As infrastructure becomes increasingly automated, the systems that deploy, manage, and scale it—CI/CD pipelines, service agents, orchestration tools—rely on a growing class of non-human identities (NHIs). These machine actors often operate with persistent credentials, excessive privileges, and limited visibility—leaving critical trust gaps in modern environments.
This session explores three high-impact use cases where addressing NHI is both urgent and achievable:
- CI/CD Pipeline Security: CI/CD platforms frequently use static secrets and over-permissioned service accounts to deploy infrastructure.
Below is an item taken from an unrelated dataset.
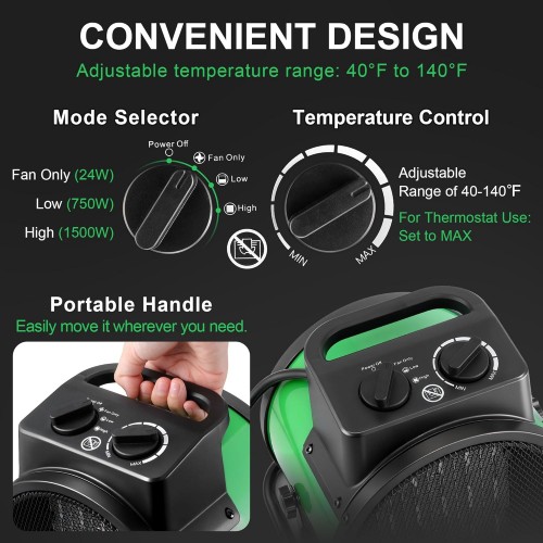 - 【Portable Greenhouse Heater for Multiple Uses】Functions as a outdoor heater, plant heater, patio heater, camping heater, greenhouse heater, tent heater, or garage heater with thermostat, delivering fast heating with 750W/1500W modes and fan only circulation. A versatile choice for both indoor and outdoor winter needs

We’ll walk through how to apply strong identity controls—short-lived credentials, just-in-time access, and session-level auditing—to harden these systems without slowing down delivery.
- Infrastructure-as-Code Workflows: Provisioning and orchestration tools often authenticate with long-lived credentials and execute plans with sweeping access. Learn how to introduce scoped, ephemeral identities into your automation flows—without disrupting developer velocity.
- Federated Workload Identity: Multi-cloud and hybrid services need to authenticate and authorize without relying on shared secrets or brittle one-off integrations. This talk will outline patterns for issuing verifiable, short-lived credentials across environments, enabling secure service-to-service trust without sacrificing velocity.
These use cases establish a clear model for managing non-human identity risk—one rooted in Zero Trust, built for automation, and grounded in real-world implementation.